Transcribe the data in full, keeping each line exactly as it appears.
Provided records section start
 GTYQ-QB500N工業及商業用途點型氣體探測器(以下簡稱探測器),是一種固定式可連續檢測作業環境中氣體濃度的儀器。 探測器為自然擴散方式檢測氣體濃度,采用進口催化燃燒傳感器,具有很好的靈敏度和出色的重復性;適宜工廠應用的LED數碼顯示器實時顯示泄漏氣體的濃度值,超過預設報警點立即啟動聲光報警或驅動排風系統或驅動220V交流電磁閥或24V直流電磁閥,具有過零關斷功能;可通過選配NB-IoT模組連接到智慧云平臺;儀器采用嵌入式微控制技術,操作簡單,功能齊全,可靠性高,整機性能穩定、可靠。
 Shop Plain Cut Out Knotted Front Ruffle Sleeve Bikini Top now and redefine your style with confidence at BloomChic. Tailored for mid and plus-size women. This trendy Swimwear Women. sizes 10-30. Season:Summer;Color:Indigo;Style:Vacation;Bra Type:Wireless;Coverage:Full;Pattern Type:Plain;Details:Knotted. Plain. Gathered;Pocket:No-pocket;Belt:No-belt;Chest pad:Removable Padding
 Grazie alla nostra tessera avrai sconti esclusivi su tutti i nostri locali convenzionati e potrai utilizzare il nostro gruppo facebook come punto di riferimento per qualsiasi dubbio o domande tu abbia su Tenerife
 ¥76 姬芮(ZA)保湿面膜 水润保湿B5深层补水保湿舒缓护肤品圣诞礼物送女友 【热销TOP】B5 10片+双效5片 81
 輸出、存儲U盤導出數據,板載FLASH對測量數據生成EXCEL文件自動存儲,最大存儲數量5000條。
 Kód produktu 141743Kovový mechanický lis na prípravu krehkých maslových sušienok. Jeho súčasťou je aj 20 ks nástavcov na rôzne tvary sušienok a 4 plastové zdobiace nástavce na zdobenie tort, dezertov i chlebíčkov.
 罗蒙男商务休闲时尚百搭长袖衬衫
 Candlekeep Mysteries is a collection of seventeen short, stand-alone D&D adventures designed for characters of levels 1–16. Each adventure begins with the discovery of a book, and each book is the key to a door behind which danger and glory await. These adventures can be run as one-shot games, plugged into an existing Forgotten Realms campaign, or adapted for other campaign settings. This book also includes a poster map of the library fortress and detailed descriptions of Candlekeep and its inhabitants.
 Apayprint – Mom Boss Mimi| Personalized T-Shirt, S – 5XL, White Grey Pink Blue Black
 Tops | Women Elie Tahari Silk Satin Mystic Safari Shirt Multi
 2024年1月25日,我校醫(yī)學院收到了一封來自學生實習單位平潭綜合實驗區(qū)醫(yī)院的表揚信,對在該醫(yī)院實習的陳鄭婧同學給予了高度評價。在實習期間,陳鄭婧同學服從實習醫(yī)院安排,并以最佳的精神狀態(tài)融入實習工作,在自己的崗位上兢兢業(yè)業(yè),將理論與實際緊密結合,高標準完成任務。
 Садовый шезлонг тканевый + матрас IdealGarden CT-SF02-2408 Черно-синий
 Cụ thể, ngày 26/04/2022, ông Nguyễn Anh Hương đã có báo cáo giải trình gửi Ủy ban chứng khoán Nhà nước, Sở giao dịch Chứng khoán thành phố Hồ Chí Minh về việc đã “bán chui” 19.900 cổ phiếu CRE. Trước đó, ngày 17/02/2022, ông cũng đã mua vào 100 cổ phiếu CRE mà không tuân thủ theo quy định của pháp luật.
Provided records section end
▸ **Exercise result**:
 GTYQ-QB500N工業及商業用途點型氣體探測器(以下簡稱探測器),是一種固定式可連續檢測作業環境中氣體濃度的儀器。 探測器為自然擴散方式檢測氣體濃度,采用進口催化燃燒傳感器,具有很好的靈敏度和出色的重復性;適宜工廠應用的LED數碼顯示器實時顯示泄漏氣體的濃度值,超過預設報警點立即啟動聲光報警或驅動排風系統或驅動220V交流電磁閥或24V直流電磁閥,具有過零關斷功能;可通過選配NB-IoT模組連接到智慧云平臺;儀器采用嵌入式微控制技術,操作簡單,功能齊全,可靠性高,整機性能穩定、可靠。
 Shop Plain Cut Out Knotted Front Ruffle Sleeve Bikini Top now and redefine your style with confidence at BloomChic. Tailored for mid and plus-size women. This trendy Swimwear Women. sizes 10-30. Season:Summer;Color:Indigo;Style:Vacation;Bra Type:Wireless;Coverage:Full;Pattern Type:Plain;Details:Knotted. Plain. Gathered;Pocket:No-pocket;Belt:No-belt;Chest pad:Removable Padding
 Grazie alla nostra tessera avrai sconti esclusivi su tutti i nostri locali convenzionati e potrai utilizzare il nostro gruppo facebook come punto di riferimento per qualsiasi dubbio o domande tu abbia su Tenerife
 ¥76 姬芮(ZA)保湿面膜 水润保湿B5深层补水保湿舒缓护肤品圣诞礼物送女友 【热销TOP】B5 10片+双效5片 81
 輸出、存儲U盤導出數據,板載FLASH對測量數據生成EXCEL文件自動存儲,最大存儲數量5000條。
 Kód produktu 141743Kovový mechanický lis na prípravu krehkých maslových sušienok. Jeho súčasťou je aj 20 ks nástavcov na rôzne tvary sušienok a 4 plastové zdobiace nástavce na zdobenie tort, dezertov i chlebíčkov.
 罗蒙男商务休闲时尚百搭长袖衬衫
 Candlekeep Mysteries is a collection of seventeen short, stand-alone D&D adventures designed for characters of levels 1–16. Each adventure begins with the discovery of a book, and each book is the key to a door behind which danger and glory await. These adventures can be run as one-shot games, plugged into an existing Forgotten Realms campaign, or adapted for other campaign settings. This book also includes a poster map of the library fortress and detailed descriptions of Candlekeep and its inhabitants.
 Apayprint – Mom Boss Mimi| Personalized T-Shirt, S – 5XL, White Grey Pink Blue Black
 Tops | Women Elie Tahari Silk Satin Mystic Safari Shirt Multi
 2024年1月25日,我校醫(yī)學院收到了一封來自學生實習單位平潭綜合實驗區(qū)醫(yī)院的表揚信,對在該醫(yī)院實習的陳鄭婧同學給予了高度評價。在實習期間,陳鄭婧同學服從實習醫(yī)院安排,并以最佳的精神狀態(tài)融入實習工作,在自己的崗位上兢兢業(yè)業(yè),將理論與實際緊密結合,高標準完成任務。
 Садовый шезлонг тканевый + матрас IdealGarden CT-SF02-2408 Черно-синий
 Cụ thể, ngày 26/04/2022, ông Nguyễn Anh Hương đã có báo cáo giải trình gửi Ủy ban chứng khoán Nhà nước, Sở giao dịch Chứng khoán thành phố Hồ Chí Minh về việc đã “bán chui” 19.900 cổ phiếu CRE. Trước đó, ngày 17/02/2022, ông cũng đã mua vào 100 cổ phiếu CRE mà không tuân thủ theo quy định của pháp luật.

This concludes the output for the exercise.